Berit se cubrió el rostro con las manos. Su pecho se agitó. Sollozaba entrecortadamente. Controló su emoción.
—No pude. No podía. Aila se marchó. Estaba tan desesperada y lloraba tanto, como una niña de quince años que no era capaz de entenderlo. Oh, Dios mío, esas lágrimas y esos gritos; aún puedo verla frente a mí, agarrándose la cabeza, gritando y llorando.
A Berit se le hizo un nudo en la garganta. Se echó de nuevo a llorar, sacudida por unos enormes gemidos desgarrados. Cuando se incorporó, su voz se había vuelto lejana, extraña, como si otra persona hablara por su boca. Ya no miraba la vela. Miraba a lo lejos, por la ventana de bordes helados. Hablaba muy despacio.
—Lo supe luego. La criatura nació. Un niño. Aila lo trajo al mundo sola. Luego lo llevó a lo alto del embalse un día en que el embalse estaba abierto. Vio…, ella vio…, vio el cuerpo de la criatura rebotar contra las rocas. Y después de eso perdió la razón.
Berit se detuvo un buen rato. La vela estaba a punto de consumirse del todo.
—Después de eso, Aila ya nunca ha sido la misma. A veces gritaba «lapset, lapset», «niño, niño», como un animal herido, y extendía las manos en el vacío por encima de ella. Como si quisiera atrapar algo. Nunca volvió a hablar.

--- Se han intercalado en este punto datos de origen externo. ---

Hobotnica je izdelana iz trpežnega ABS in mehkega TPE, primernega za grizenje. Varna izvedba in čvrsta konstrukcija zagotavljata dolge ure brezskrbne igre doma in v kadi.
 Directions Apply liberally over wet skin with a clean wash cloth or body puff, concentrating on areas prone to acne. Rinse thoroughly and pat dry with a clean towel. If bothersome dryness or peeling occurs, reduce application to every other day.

La vela se apagó por completo y soltó una última y pequeña voluta de humo. La penumbra pronto fue invadida por el halo de la luna. Una claridad muy suave dibujó los rostros de Berit y de los policías.

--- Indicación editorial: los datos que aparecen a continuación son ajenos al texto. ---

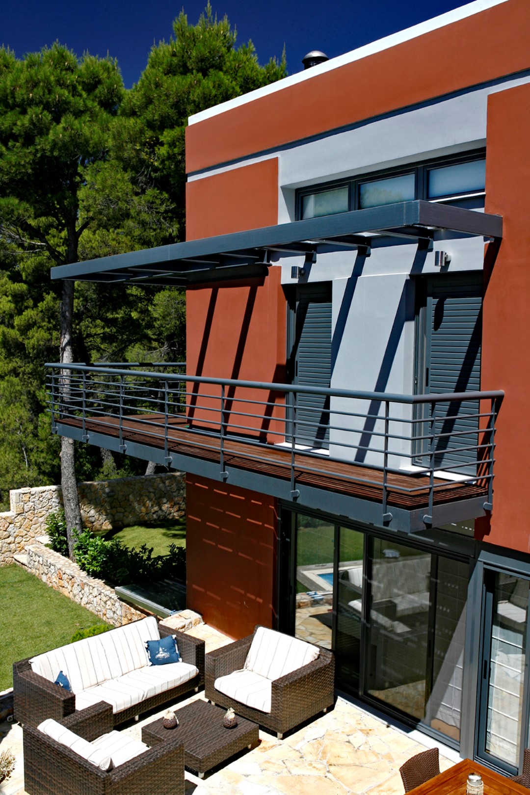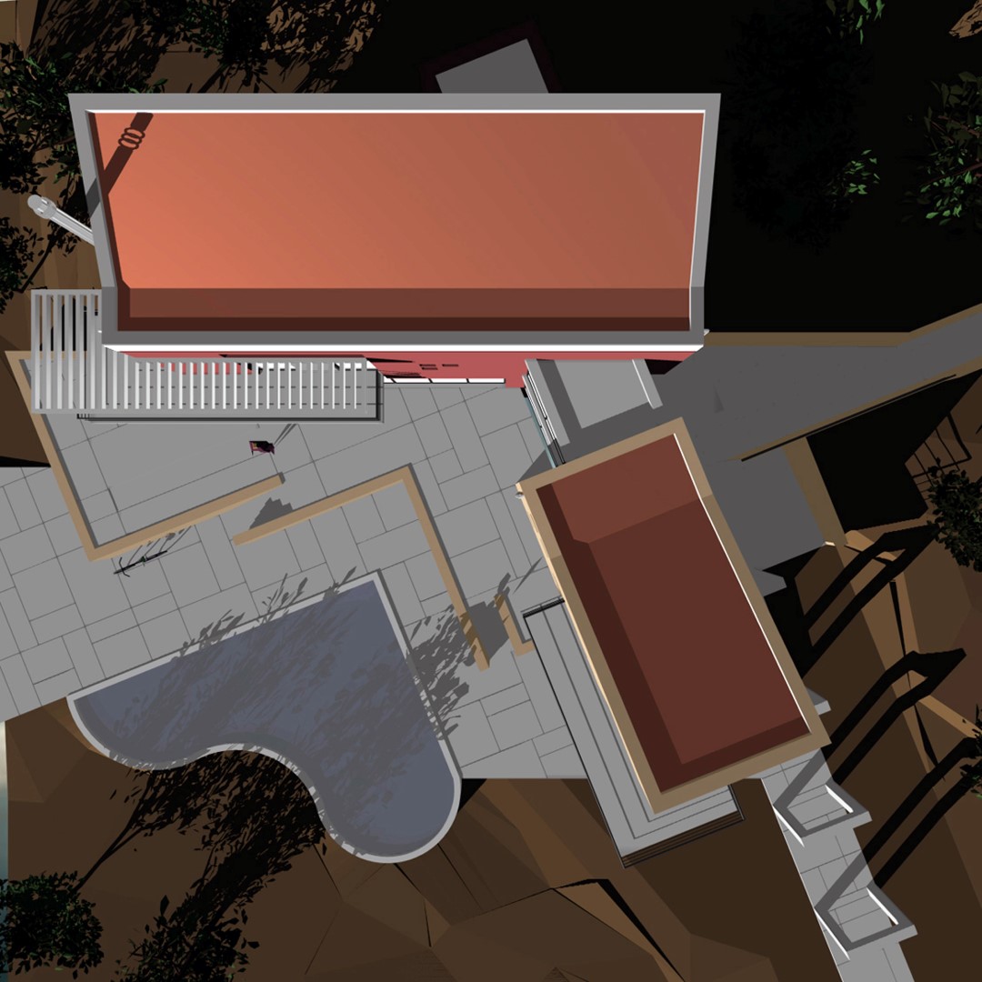 Η κάτοψη χαράσσεται ως «L» και είναι προσανατολισμένη νοτιοανατολικά. Η πτέρυγα που αναπτύσσεται παράλληλα με τις υψομετρικές καμπύλες, λειτουργεί και ως ένα είδος τοίχου αντιστήριξης, ενώ η πτέρυγα που αναπτύσσεται κάθετα προς αυτές, αντιμετωπίζεται ως όγκος που αποκολλάται από το έδαφος και που λόγω θέσης και λειτουργιών που φιλοξενεί, προσφέρει πολλαπλές οπτικές.

—¿Cómo lo supiste? —preguntó Nina.
—Aslak. Fue la última vez que nos hablamos. Después de eso, ya nunca volví a atreverme a dirigirle la palabra. Pero Aslak no repudió a Aila. Se ocupó de ella. Como un santo.
Nina advirtió la sombra en el rostro de Klemet. Este meneaba la cabeza en silencio. Parece comprender, pensó ella.
Berit se quedó sola en la cocina a oscuras mientras los policías se ponían en pie para marcharse. Cuando Nina y Klemet se acercaron a la puerta, la voz débil y casi irreconocible de Berit llegó hasta ellos dificultosamente, surgiendo de la penumbra en la que desaparecía.